> [Raw data]
+---+

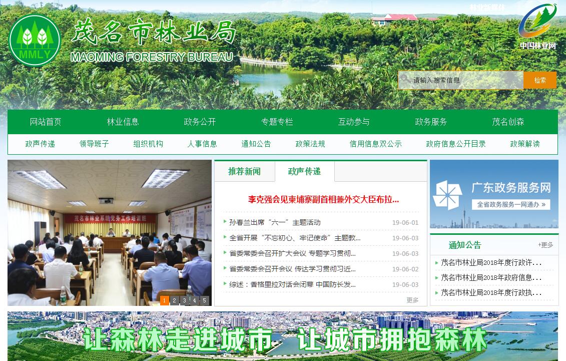 茂名市林業(yè)局為市人民政府直屬機(jī)構(gòu)。其主要職責(zé):(一)貫徹執(zhí)行國家和省有關(guān)林業(yè)工作的方針政策和法律法規(guī),組織起草林業(yè)建設(shè)的地方規(guī)范性文件并監(jiān)督實(shí)施;編制林業(yè)建設(shè)總體規(guī)劃、年度計(jì)劃并組織實(shí)施;監(jiān)督管理全市林業(yè)及其生態(tài)建設(shè);組織開展森林、濕地和陸生野生動(dòng)植物資源的調(diào)查、動(dòng)態(tài)監(jiān)測和評估,并統(tǒng)一發(fā)布相關(guān)信息;承擔(dān)林業(yè)生態(tài)文明建設(shè)的有關(guān)工作;協(xié)助開展有關(guān)國際公約的履約工作。(二)組織、協(xié)調(diào)、指導(dǎo)和監(jiān)督全市造林綠化工作。組織、指導(dǎo)和監(jiān)督全民義務(wù)植樹、生態(tài)公益林建設(shè)和效益補(bǔ)償工作,依法推動(dòng)退耕還林工作,組織、指導(dǎo)各類公益林和商品林的培育、封山育林和以植樹種草等生物措施防治水土流失工作,指導(dǎo)城市林業(yè)建設(shè);承擔(dān)林業(yè)應(yīng)對氣候變化的相關(guān)工作。(三)承擔(dān)森林資源保護(hù)發(fā)展監(jiān)督管理的責(zé)任。組織編制森林采伐限額并監(jiān)督執(zhí)行,監(jiān)督檢查林木憑證采伐、運(yùn)輸,組織、指導(dǎo)林地、林權(quán)管理,組織實(shí)施林權(quán)登記、發(fā)證工作,擬訂林地保護(hù)利用總體規(guī)劃并監(jiān)督實(shí)施,承擔(dān)林地征用、占用的審核工作。(四)組織、協(xié)調(diào)、指導(dǎo)和監(jiān)督全市濕地保護(hù)工作。組織擬訂全市性、區(qū)域性濕地保護(hù)規(guī)劃,組織實(shí)施建立濕地保護(hù)小區(qū)、濕地公園等保護(hù)管理工作,負(fù)責(zé)紅樹林資源以及灘涂劃入生態(tài)公益林規(guī)劃區(qū)和劃為紅樹林、鳥類自然保護(hù)區(qū)的監(jiān)督管理。(五)組織、協(xié)調(diào)、指導(dǎo)和監(jiān)督全市陸生野生動(dòng)植物資源的保護(hù)和開發(fā)利用。研究提出主管的陸生野生動(dòng)植物保護(hù)名錄的調(diào)整意見;負(fù)責(zé)陸生野生動(dòng)植物及其產(chǎn)品進(jìn)出口管理工作;監(jiān)督管理林業(yè)生物種質(zhì)資源、植物新品種保護(hù),按分工負(fù)責(zé)生物多樣性保護(hù)的有關(guān)工作。(六)負(fù)責(zé)林業(yè)系統(tǒng)自然保護(hù)區(qū)的監(jiān)督管理。在國家、省、市自然保護(hù)區(qū)區(qū)劃、規(guī)劃的指導(dǎo)下,承擔(dān)森林、陸生野生動(dòng)植物和有關(guān)濕地類型自然保護(hù)區(qū)以及森林公園的建設(shè)和管理工作。(七)承擔(dān)推進(jìn)林業(yè)改革和維護(hù)經(jīng)營者林業(yè)合法權(quán)益的工作。擬訂集體林權(quán)制度、國有林場等重大林業(yè)改革意見并指導(dǎo)監(jiān)督實(shí)施,指導(dǎo)、監(jiān)督林地承包經(jīng)營和林權(quán)流轉(zhuǎn),指導(dǎo)協(xié)調(diào)林權(quán)糾紛調(diào)處工作。(八)組織、協(xié)調(diào)、指導(dǎo)全市林業(yè)產(chǎn)業(yè)發(fā)展。擬訂林業(yè)產(chǎn)業(yè)發(fā)展政策、規(guī)劃和技術(shù)標(biāo)準(zhǔn)并組織實(shí)施,指導(dǎo)、協(xié)調(diào)林業(yè)企業(yè)原材料基地建設(shè)、林業(yè)綜合開發(fā)和森林生態(tài)旅游的開發(fā)、建設(shè)、管理工作。(九)組織、協(xié)調(diào)、指導(dǎo)和監(jiān)督全市森林資源安全工作。組織、協(xié)調(diào)、指導(dǎo)和監(jiān)督森林防撲火、林業(yè)行政執(zhí)法和林業(yè)重大違法案件查處等工作,指導(dǎo)、管理森林公安工作,指導(dǎo)林業(yè)有害生物的防治、檢疫工作。(十)組織、指導(dǎo)建立和實(shí)施林業(yè)及其生態(tài)建設(shè)的生態(tài)補(bǔ)償制度。參與編制部門預(yù)算并組織實(shí)施,提出林業(yè)財(cái)政性資金安排意見,參與編制政策性森林保險(xiǎn)、森林專項(xiàng)貸款計(jì)劃,監(jiān)督管理市級林業(yè)國有資產(chǎn)和林業(yè)基金,指導(dǎo)林業(yè)基礎(chǔ)設(shè)施建設(shè)、森林資源資產(chǎn)流轉(zhuǎn),監(jiān)督指導(dǎo)林區(qū)公路建設(shè)和維護(hù)管理。(十一)組織、指導(dǎo)林業(yè)及其生態(tài)建設(shè)的科學(xué)研究、技術(shù)推廣、宣傳教育和交流與合作,直接管理市屬國有林場工作,指導(dǎo)林業(yè)基層工作機(jī)構(gòu)的建設(shè)和管理。(十二)指導(dǎo)縣(市、區(qū))林業(yè)行政主管部門的業(yè)務(wù)工作;管理、指導(dǎo)直屬事業(yè)單位的工作。(十三)承擔(dān)市綠化委員會的日常工作。(十四)承辦市人民政府和省林業(yè)局交辦的其他事項(xiàng)。
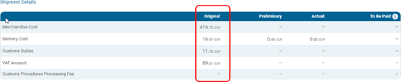 Shipment Details: Displays customs duties calculations at three stages:
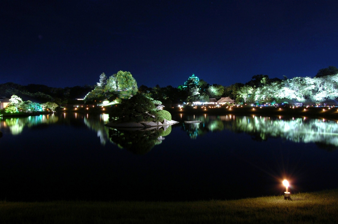後楽園の夜景写真幻想的で雰囲気がいい写真に出来上がっていますね。

+---+

Copy out every line above, word for word, minus images.

 茂名市林業(yè)局為市人民政府直屬機(jī)構(gòu)。其主要職責(zé):(一)貫徹執(zhí)行國家和省有關(guān)林業(yè)工作的方針政策和法律法規(guī),組織起草林業(yè)建設(shè)的地方規(guī)范性文件并監(jiān)督實(shí)施;編制林業(yè)建設(shè)總體規(guī)劃、年度計(jì)劃并組織實(shí)施;監(jiān)督管理全市林業(yè)及其生態(tài)建設(shè);組織開展森林、濕地和陸生野生動(dòng)植物資源的調(diào)查、動(dòng)態(tài)監(jiān)測和評估,并統(tǒng)一發(fā)布相關(guān)信息;承擔(dān)林業(yè)生態(tài)文明建設(shè)的有關(guān)工作;協(xié)助開展有關(guān)國際公約的履約工作。(二)組織、協(xié)調(diào)、指導(dǎo)和監(jiān)督全市造林綠化工作。組織、指導(dǎo)和監(jiān)督全民義務(wù)植樹、生態(tài)公益林建設(shè)和效益補(bǔ)償工作,依法推動(dòng)退耕還林工作,組織、指導(dǎo)各類公益林和商品林的培育、封山育林和以植樹種草等生物措施防治水土流失工作,指導(dǎo)城市林業(yè)建設(shè);承擔(dān)林業(yè)應(yīng)對氣候變化的相關(guān)工作。(三)承擔(dān)森林資源保護(hù)發(fā)展監(jiān)督管理的責(zé)任。組織編制森林采伐限額并監(jiān)督執(zhí)行,監(jiān)督檢查林木憑證采伐、運(yùn)輸,組織、指導(dǎo)林地、林權(quán)管理,組織實(shí)施林權(quán)登記、發(fā)證工作,擬訂林地保護(hù)利用總體規(guī)劃并監(jiān)督實(shí)施,承擔(dān)林地征用、占用的審核工作。(四)組織、協(xié)調(diào)、指導(dǎo)和監(jiān)督全市濕地保護(hù)工作。組織擬訂全市性、區(qū)域性濕地保護(hù)規(guī)劃,組織實(shí)施建立濕地保護(hù)小區(qū)、濕地公園等保護(hù)管理工作,負(fù)責(zé)紅樹林資源以及灘涂劃入生態(tài)公益林規(guī)劃區(qū)和劃為紅樹林、鳥類自然保護(hù)區(qū)的監(jiān)督管理。(五)組織、協(xié)調(diào)、指導(dǎo)和監(jiān)督全市陸生野生動(dòng)植物資源的保護(hù)和開發(fā)利用。研究提出主管的陸生野生動(dòng)植物保護(hù)名錄的調(diào)整意見;負(fù)責(zé)陸生野生動(dòng)植物及其產(chǎn)品進(jìn)出口管理工作;監(jiān)督管理林業(yè)生物種質(zhì)資源、植物新品種保護(hù),按分工負(fù)責(zé)生物多樣性保護(hù)的有關(guān)工作。(六)負(fù)責(zé)林業(yè)系統(tǒng)自然保護(hù)區(qū)的監(jiān)督管理。在國家、省、市自然保護(hù)區(qū)區(qū)劃、規(guī)劃的指導(dǎo)下,承擔(dān)森林、陸生野生動(dòng)植物和有關(guān)濕地類型自然保護(hù)區(qū)以及森林公園的建設(shè)和管理工作。(七)承擔(dān)推進(jìn)林業(yè)改革和維護(hù)經(jīng)營者林業(yè)合法權(quán)益的工作。擬訂集體林權(quán)制度、國有林場等重大林業(yè)改革意見并指導(dǎo)監(jiān)督實(shí)施,指導(dǎo)、監(jiān)督林地承包經(jīng)營和林權(quán)流轉(zhuǎn),指導(dǎo)協(xié)調(diào)林權(quán)糾紛調(diào)處工作。(八)組織、協(xié)調(diào)、指導(dǎo)全市林業(yè)產(chǎn)業(yè)發(fā)展。擬訂林業(yè)產(chǎn)業(yè)發(fā)展政策、規(guī)劃和技術(shù)標(biāo)準(zhǔn)并組織實(shí)施,指導(dǎo)、協(xié)調(diào)林業(yè)企業(yè)原材料基地建設(shè)、林業(yè)綜合開發(fā)和森林生態(tài)旅游的開發(fā)、建設(shè)、管理工作。(九)組織、協(xié)調(diào)、指導(dǎo)和監(jiān)督全市森林資源安全工作。組織、協(xié)調(diào)、指導(dǎo)和監(jiān)督森林防撲火、林業(yè)行政執(zhí)法和林業(yè)重大違法案件查處等工作,指導(dǎo)、管理森林公安工作,指導(dǎo)林業(yè)有害生物的防治、檢疫工作。(十)組織、指導(dǎo)建立和實(shí)施林業(yè)及其生態(tài)建設(shè)的生態(tài)補(bǔ)償制度。參與編制部門預(yù)算并組織實(shí)施,提出林業(yè)財(cái)政性資金安排意見,參與編制政策性森林保險(xiǎn)、森林專項(xiàng)貸款計(jì)劃,監(jiān)督管理市級林業(yè)國有資產(chǎn)和林業(yè)基金,指導(dǎo)林業(yè)基礎(chǔ)設(shè)施建設(shè)、森林資源資產(chǎn)流轉(zhuǎn),監(jiān)督指導(dǎo)林區(qū)公路建設(shè)和維護(hù)管理。(十一)組織、指導(dǎo)林業(yè)及其生態(tài)建設(shè)的科學(xué)研究、技術(shù)推廣、宣傳教育和交流與合作,直接管理市屬國有林場工作,指導(dǎo)林業(yè)基層工作機(jī)構(gòu)的建設(shè)和管理。(十二)指導(dǎo)縣(市、區(qū))林業(yè)行政主管部門的業(yè)務(wù)工作;管理、指導(dǎo)直屬事業(yè)單位的工作。(十三)承擔(dān)市綠化委員會的日常工作。(十四)承辦市人民政府和省林業(yè)局交辦的其他事項(xiàng)。
 Shipment Details: Displays customs duties calculations at three stages:
後楽園の夜景写真幻想的で雰囲気がいい写真に出来上がっていますね。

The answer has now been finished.